§ Exercise instructions
Two lines in the listing below mark the span: one contains "陶然亭街道大吉巷社區(qū)" and one contains "Başarılı bir veri". Reproduce both of them and everything between, exactly.

§ Input records
===

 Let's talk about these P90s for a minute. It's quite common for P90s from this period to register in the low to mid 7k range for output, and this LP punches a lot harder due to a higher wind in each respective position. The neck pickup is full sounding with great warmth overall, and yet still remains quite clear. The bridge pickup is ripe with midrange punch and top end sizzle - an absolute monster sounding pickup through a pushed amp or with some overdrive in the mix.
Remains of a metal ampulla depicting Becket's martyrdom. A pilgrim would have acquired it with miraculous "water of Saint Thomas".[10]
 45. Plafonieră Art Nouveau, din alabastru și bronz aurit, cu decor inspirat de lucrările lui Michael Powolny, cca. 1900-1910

===

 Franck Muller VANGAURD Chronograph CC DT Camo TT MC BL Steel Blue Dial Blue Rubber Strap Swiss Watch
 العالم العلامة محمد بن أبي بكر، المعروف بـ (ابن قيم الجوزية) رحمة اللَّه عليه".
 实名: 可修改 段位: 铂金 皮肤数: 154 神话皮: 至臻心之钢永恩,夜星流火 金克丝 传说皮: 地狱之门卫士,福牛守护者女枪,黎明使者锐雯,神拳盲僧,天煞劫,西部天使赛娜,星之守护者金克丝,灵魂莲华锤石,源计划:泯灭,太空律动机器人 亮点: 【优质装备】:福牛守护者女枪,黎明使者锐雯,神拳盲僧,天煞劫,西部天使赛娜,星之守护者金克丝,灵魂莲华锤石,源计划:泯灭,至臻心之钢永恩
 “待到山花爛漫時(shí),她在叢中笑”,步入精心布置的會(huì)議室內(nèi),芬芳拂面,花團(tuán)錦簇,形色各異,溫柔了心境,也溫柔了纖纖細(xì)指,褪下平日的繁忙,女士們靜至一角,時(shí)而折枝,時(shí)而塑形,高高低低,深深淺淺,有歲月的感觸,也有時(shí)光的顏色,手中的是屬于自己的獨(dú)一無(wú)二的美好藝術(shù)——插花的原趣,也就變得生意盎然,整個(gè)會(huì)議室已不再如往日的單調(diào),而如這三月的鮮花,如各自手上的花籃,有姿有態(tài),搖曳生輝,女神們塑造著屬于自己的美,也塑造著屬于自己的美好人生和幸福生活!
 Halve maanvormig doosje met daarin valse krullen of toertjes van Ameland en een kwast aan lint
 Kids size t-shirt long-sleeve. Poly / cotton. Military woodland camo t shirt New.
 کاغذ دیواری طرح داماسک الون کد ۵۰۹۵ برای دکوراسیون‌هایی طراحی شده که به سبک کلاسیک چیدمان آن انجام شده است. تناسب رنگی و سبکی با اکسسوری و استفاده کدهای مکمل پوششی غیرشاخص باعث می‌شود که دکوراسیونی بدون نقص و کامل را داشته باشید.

===

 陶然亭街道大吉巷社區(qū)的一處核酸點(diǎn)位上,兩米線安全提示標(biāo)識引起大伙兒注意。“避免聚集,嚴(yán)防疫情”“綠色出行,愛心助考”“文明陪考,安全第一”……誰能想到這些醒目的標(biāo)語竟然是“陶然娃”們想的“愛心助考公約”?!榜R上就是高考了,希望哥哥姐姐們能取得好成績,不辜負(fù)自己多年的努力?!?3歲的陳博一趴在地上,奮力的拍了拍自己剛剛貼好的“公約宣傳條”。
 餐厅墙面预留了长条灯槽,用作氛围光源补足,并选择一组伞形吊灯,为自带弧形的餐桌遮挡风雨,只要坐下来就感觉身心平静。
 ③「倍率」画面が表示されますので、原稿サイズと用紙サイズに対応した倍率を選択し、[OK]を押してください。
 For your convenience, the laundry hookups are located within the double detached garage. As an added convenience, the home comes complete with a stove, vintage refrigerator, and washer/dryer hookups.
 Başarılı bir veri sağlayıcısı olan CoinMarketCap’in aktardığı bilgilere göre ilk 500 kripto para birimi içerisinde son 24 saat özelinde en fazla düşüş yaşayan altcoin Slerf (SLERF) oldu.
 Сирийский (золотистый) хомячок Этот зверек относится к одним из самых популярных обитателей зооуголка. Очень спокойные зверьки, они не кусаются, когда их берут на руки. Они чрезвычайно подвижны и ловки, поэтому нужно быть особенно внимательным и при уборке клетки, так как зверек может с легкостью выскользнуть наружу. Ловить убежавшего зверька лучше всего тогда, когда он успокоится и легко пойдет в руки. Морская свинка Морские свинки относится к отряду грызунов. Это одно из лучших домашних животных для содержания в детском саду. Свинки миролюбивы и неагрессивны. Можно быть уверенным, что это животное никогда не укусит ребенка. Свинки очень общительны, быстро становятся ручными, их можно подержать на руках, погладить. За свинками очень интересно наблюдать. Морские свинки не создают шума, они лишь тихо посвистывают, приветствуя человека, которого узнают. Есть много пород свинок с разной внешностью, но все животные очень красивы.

===

§ Response
 陶然亭街道大吉巷社區(qū)的一處核酸點(diǎn)位上,兩米線安全提示標(biāo)識引起大伙兒注意。“避免聚集,嚴(yán)防疫情”“綠色出行,愛心助考”“文明陪考,安全第一”……誰能想到這些醒目的標(biāo)語竟然是“陶然娃”們想的“愛心助考公約”?!榜R上就是高考了,希望哥哥姐姐們能取得好成績,不辜負(fù)自己多年的努力?!?3歲的陳博一趴在地上,奮力的拍了拍自己剛剛貼好的“公約宣傳條”。
 餐厅墙面预留了长条灯槽,用作氛围光源补足,并选择一组伞形吊灯,为自带弧形的餐桌遮挡风雨,只要坐下来就感觉身心平静。
 ③「倍率」画面が表示されますので、原稿サイズと用紙サイズに対応した倍率を選択し、[OK]を押してください。
 For your convenience, the laundry hookups are located within the double detached garage. As an added convenience, the home comes complete with a stove, vintage refrigerator, and washer/dryer hookups.
 Başarılı bir veri sağlayıcısı olan CoinMarketCap’in aktardığı bilgilere göre ilk 500 kripto para birimi içerisinde son 24 saat özelinde en fazla düşüş yaşayan altcoin Slerf (SLERF) oldu.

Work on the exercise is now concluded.